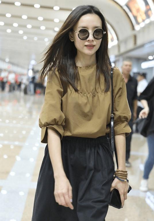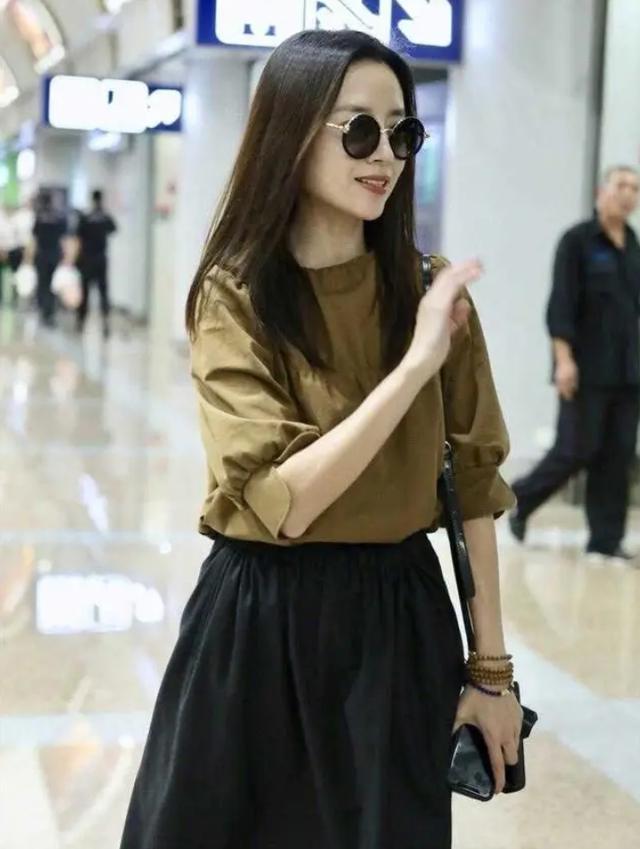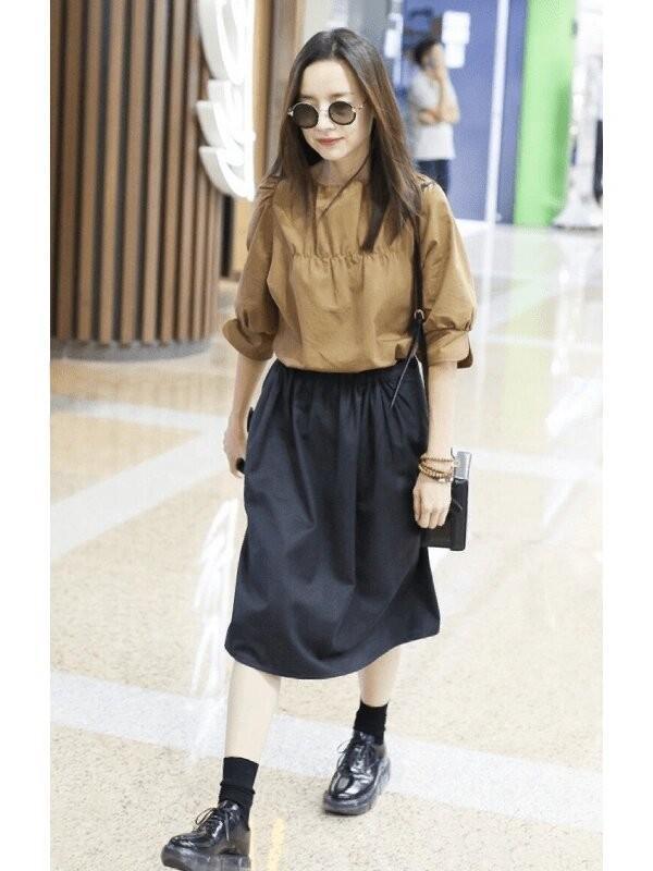 黑色半身裙是每个女生衣橱里的必备单品,董洁选择的这款裙子长度适中,能遮住大腿的肉肉,又不会显得拖沓。搭配美拉德色上衣,形成了“上浅下深”的视觉效果,拉长了身材比例。
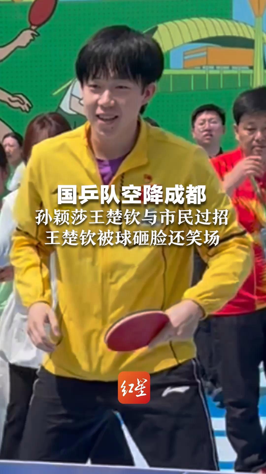 国乒五一空降成都,孙颖莎王楚钦与市民过招,王楚钦被球砸脸还笑场
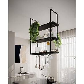 Nicho De Teto Para Cozinha 80 Cm Preto Com Prateleira Preta
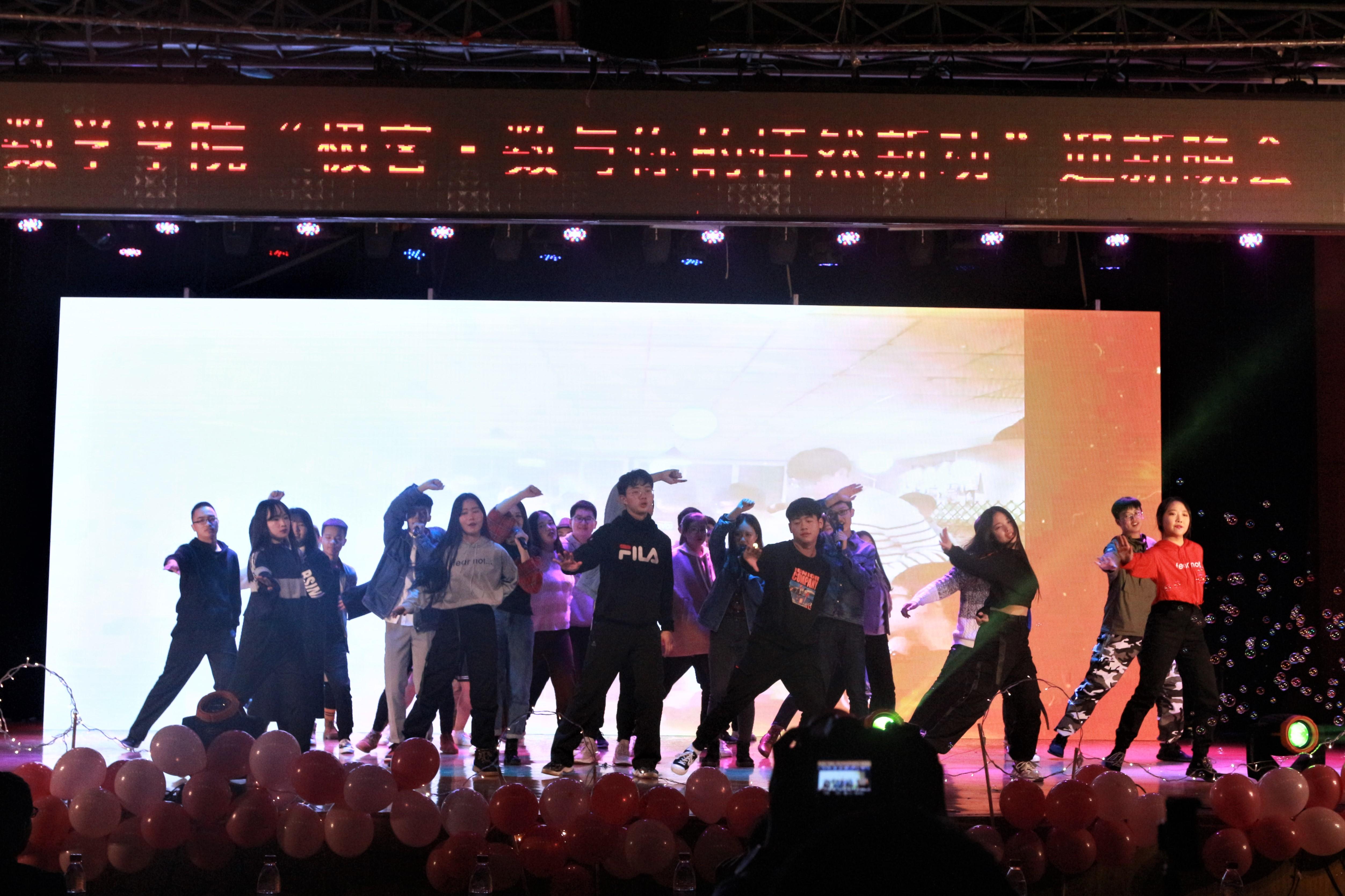 第八个节目是由全体员工会主席部长倾情表演,及小品,舞蹈于一体,演员们的完美演绎赢得观众尖叫欢呼,女生们的舞姿也十分美丽迷人。接着统计一班用他们各具地方特色的方言秀和悦耳动听的大合唱让观众领悟到了《逐梦前行》的美好意义。大家期待已久的神秘节目终于登场,由数学公司党委副书记杨育鸿老师、团委书记邓思然老师、辅导员谢童心老师、钟义婷老师和李思佳老师共同演绎。各位老师们的出场让掌声不断响起,同学们都为老师们用力挥舞着荧光棒,和老师们情不自禁地共同演唱。青协大家庭载歌载舞,不愧当的上一个精彩的压轴节目《BLOOM》,男生女生默契满满,最后的一声声“437bwin必赢国际”温暖了每个数院学子的心。新闻中心大家庭最后登场,他们用对唱,爵士舞,大齐舞等多种形式的活动为我们展示出《College Fantasy》的魅力,全体成员积极参加,赢得无数观众呐喊尖叫。三个组织大家庭在节目中都穿插了各具魅力的视频,让大家真切感受到在437bwin必赢国际,我们每个人都有属于自己的那一份温暖的相互理解、相互支持、相互陪伴的小家。
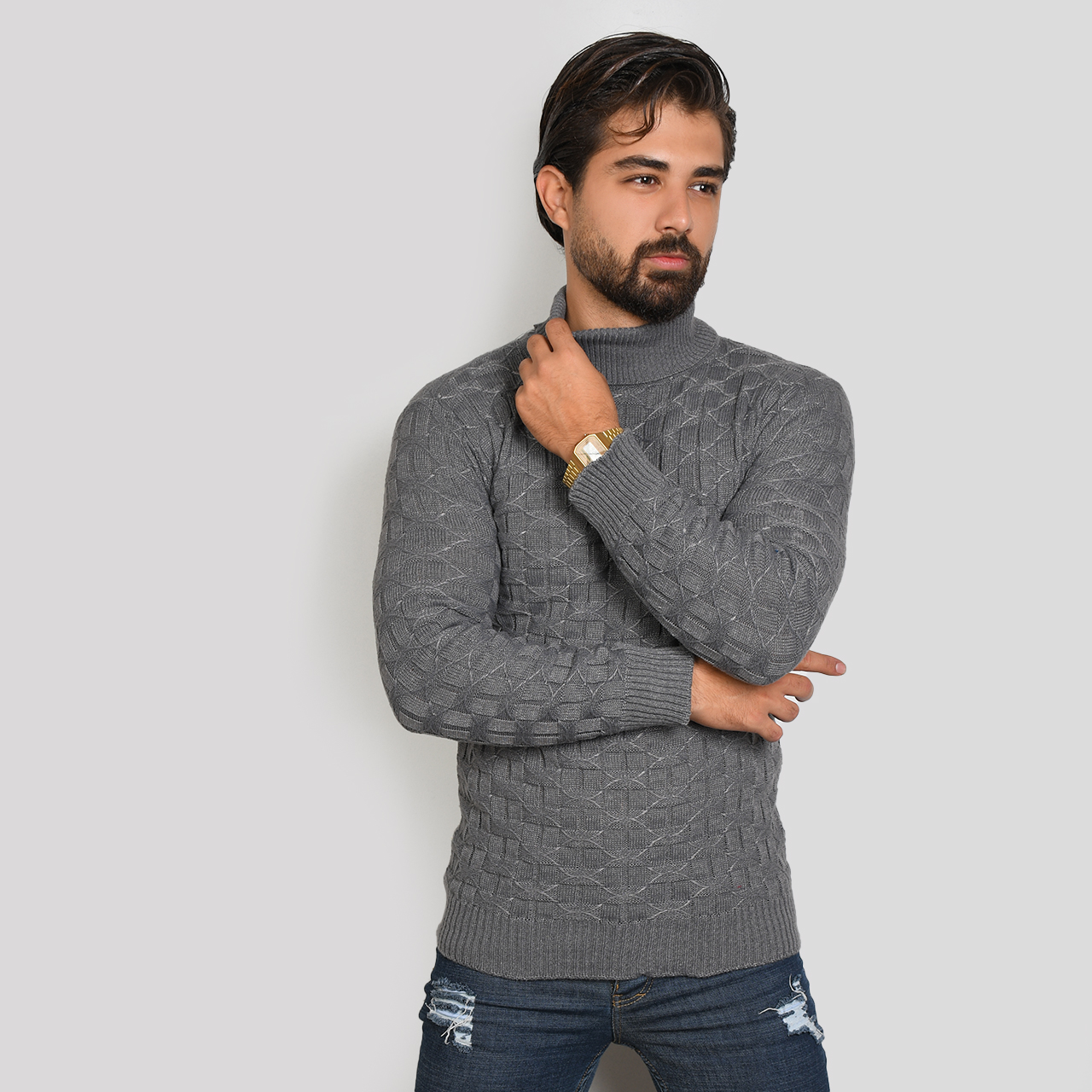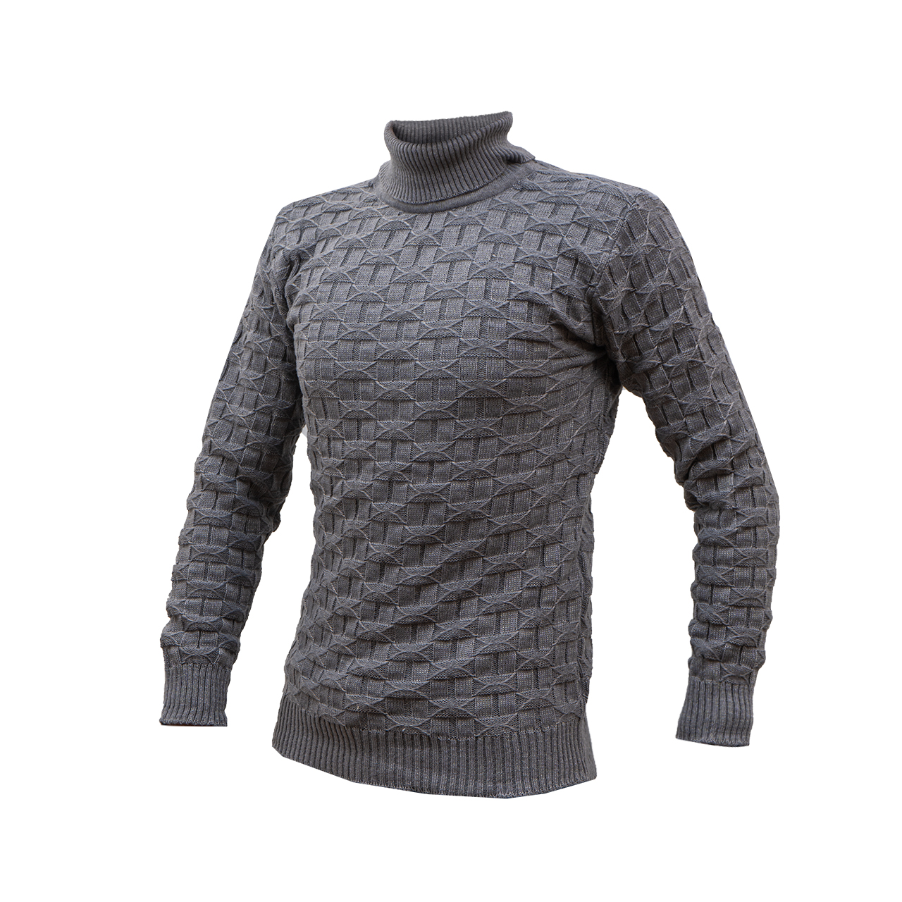 پلیور یقه اسکی طوسی طرح لوزی مردانه مدلG10
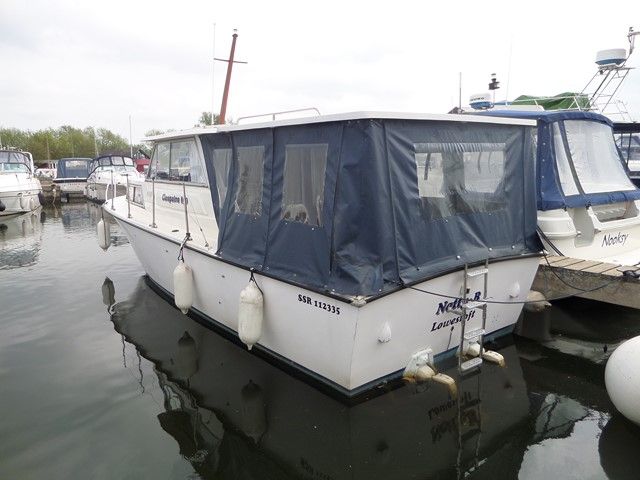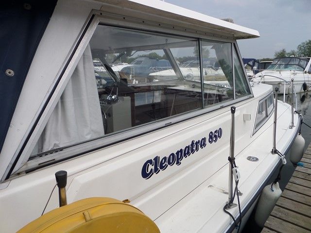 CLEOPATRA 850 – 1973, 2 x Ford 75Hp diesel engines, 4 berths in 1 cabin (plus 2 in cockpit), 1 x toilet, Boat Safety Certificate. Spec including: deck cushions, shore power, holding tank, hard top with aft canopy. She was completely re-furbished in 2007…well worth a look!
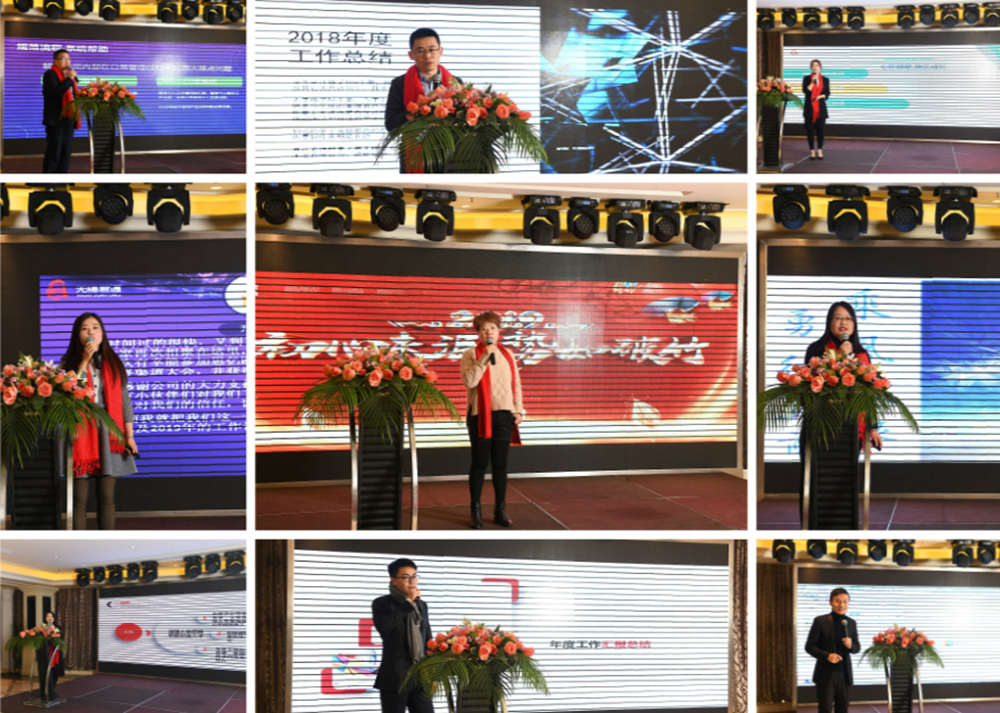 接下来各个部门主管依次进行了各自的年度总结报告。首先是技术部的杜总,从技术方面展现了我们公司的硬实力;设计顾工向我们介绍了网站未来的发展方向;客服部主管刘苏干练亮相,强调提升服务增强公司的软实力;行政人事部何淑琴则着重指出要吸引更多的人才,指定培训计划,完善公司管理制度是明年的重点工作计划。市场大区经理赵经理、张经理,电销部叶经理,齐经理也纷纷上台制度了明年的目标。我们的大家长尹总也做了精彩的发言,希望大家一起齐心协力,携手奋进,创造新的辉煌!

□ □ □ □ □ □ □

THE PROBLEM - The data above should be returned in full, exactly as written, apart from its images.

ANSWER TO THIS PROBLEM -
 黑色半身裙是每个女生衣橱里的必备单品,董洁选择的这款裙子长度适中,能遮住大腿的肉肉,又不会显得拖沓。搭配美拉德色上衣,形成了“上浅下深”的视觉效果,拉长了身材比例。
 国乒五一空降成都,孙颖莎王楚钦与市民过招,王楚钦被球砸脸还笑场
 Nicho De Teto Para Cozinha 80 Cm Preto Com Prateleira Preta
 第八个节目是由全体员工会主席部长倾情表演,及小品,舞蹈于一体,演员们的完美演绎赢得观众尖叫欢呼,女生们的舞姿也十分美丽迷人。接着统计一班用他们各具地方特色的方言秀和悦耳动听的大合唱让观众领悟到了《逐梦前行》的美好意义。大家期待已久的神秘节目终于登场,由数学公司党委副书记杨育鸿老师、团委书记邓思然老师、辅导员谢童心老师、钟义婷老师和李思佳老师共同演绎。各位老师们的出场让掌声不断响起,同学们都为老师们用力挥舞着荧光棒,和老师们情不自禁地共同演唱。青协大家庭载歌载舞,不愧当的上一个精彩的压轴节目《BLOOM》,男生女生默契满满,最后的一声声“437bwin必赢国际”温暖了每个数院学子的心。新闻中心大家庭最后登场,他们用对唱,爵士舞,大齐舞等多种形式的活动为我们展示出《College Fantasy》的魅力,全体成员积极参加,赢得无数观众呐喊尖叫。三个组织大家庭在节目中都穿插了各具魅力的视频,让大家真切感受到在437bwin必赢国际,我们每个人都有属于自己的那一份温暖的相互理解、相互支持、相互陪伴的小家。
 پلیور یقه اسکی طوسی طرح لوزی مردانه مدلG10
 CLEOPATRA 850 – 1973, 2 x Ford 75Hp diesel engines, 4 berths in 1 cabin (plus 2 in cockpit), 1 x toilet, Boat Safety Certificate. Spec including: deck cushions, shore power, holding tank, hard top with aft canopy. She was completely re-furbished in 2007…well worth a look!
 接下来各个部门主管依次进行了各自的年度总结报告。首先是技术部的杜总,从技术方面展现了我们公司的硬实力;设计顾工向我们介绍了网站未来的发展方向;客服部主管刘苏干练亮相,强调提升服务增强公司的软实力;行政人事部何淑琴则着重指出要吸引更多的人才,指定培训计划,完善公司管理制度是明年的重点工作计划。市场大区经理赵经理、张经理,电销部叶经理,齐经理也纷纷上台制度了明年的目标。我们的大家长尹总也做了精彩的发言,希望大家一起齐心协力,携手奋进,创造新的辉煌!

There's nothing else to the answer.